**Exercise data**
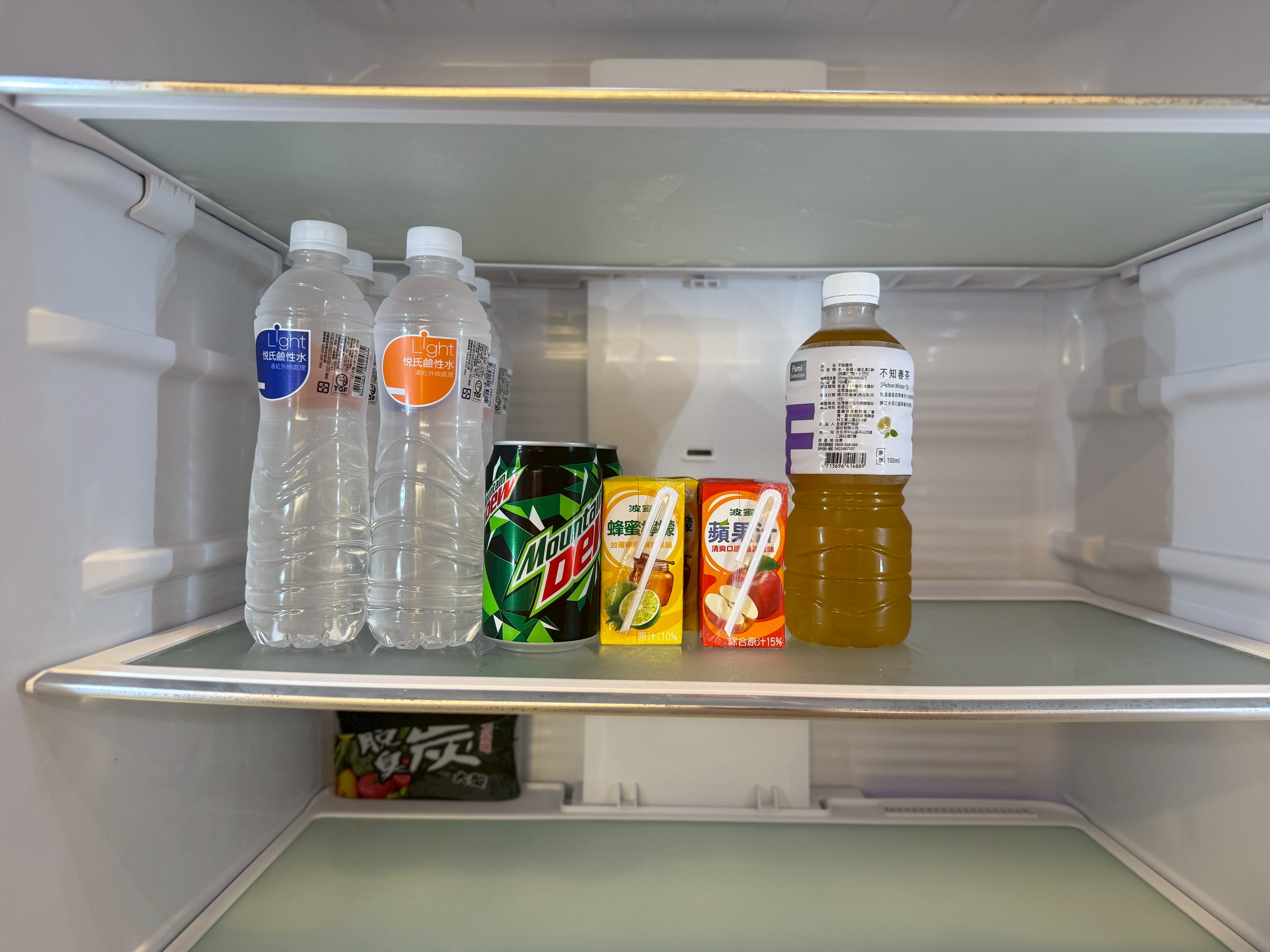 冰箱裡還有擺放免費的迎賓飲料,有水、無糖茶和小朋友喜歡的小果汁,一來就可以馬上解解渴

* * *

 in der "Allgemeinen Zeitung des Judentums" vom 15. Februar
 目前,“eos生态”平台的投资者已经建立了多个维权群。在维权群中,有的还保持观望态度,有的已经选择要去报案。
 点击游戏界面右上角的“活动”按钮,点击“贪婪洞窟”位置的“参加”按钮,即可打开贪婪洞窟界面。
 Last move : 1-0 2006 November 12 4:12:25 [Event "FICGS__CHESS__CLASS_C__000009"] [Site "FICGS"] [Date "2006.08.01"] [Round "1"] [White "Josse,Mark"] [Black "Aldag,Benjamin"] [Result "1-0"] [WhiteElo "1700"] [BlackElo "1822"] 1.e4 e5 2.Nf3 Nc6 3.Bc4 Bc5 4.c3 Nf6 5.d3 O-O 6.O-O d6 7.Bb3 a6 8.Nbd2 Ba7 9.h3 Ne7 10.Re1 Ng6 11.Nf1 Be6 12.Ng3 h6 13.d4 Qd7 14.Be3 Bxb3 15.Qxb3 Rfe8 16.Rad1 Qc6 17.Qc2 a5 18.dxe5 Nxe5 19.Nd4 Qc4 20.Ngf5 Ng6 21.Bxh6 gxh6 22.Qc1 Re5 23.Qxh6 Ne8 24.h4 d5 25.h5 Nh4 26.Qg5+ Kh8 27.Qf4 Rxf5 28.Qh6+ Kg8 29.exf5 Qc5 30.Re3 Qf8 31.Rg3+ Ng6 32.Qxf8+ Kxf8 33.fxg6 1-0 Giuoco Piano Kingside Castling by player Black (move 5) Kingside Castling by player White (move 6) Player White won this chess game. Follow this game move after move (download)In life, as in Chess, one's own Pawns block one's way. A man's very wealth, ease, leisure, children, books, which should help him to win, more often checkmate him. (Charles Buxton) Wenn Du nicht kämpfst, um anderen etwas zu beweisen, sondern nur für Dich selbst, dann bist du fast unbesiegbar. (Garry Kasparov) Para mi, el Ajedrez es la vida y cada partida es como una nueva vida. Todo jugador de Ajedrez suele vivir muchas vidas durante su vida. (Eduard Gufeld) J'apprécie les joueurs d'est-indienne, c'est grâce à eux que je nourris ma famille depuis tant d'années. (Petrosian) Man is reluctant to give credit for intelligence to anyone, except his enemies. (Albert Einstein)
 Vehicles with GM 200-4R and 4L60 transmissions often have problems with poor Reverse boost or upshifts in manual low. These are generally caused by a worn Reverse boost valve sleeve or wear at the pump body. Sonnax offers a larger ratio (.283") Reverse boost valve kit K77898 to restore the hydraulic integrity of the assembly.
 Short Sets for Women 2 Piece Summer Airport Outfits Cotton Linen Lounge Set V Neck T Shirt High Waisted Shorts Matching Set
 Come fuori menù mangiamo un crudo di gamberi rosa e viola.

**Your task**
Give an exact copy of the lines above from the line with "Short Sets for" up to and including the line with "Come fuori menù", and leave everything else out.

**Solved exercise**
 Short Sets for Women 2 Piece Summer Airport Outfits Cotton Linen Lounge Set V Neck T Shirt High Waisted Shorts Matching Set
 Come fuori menù mangiamo un crudo di gamberi rosa e viola.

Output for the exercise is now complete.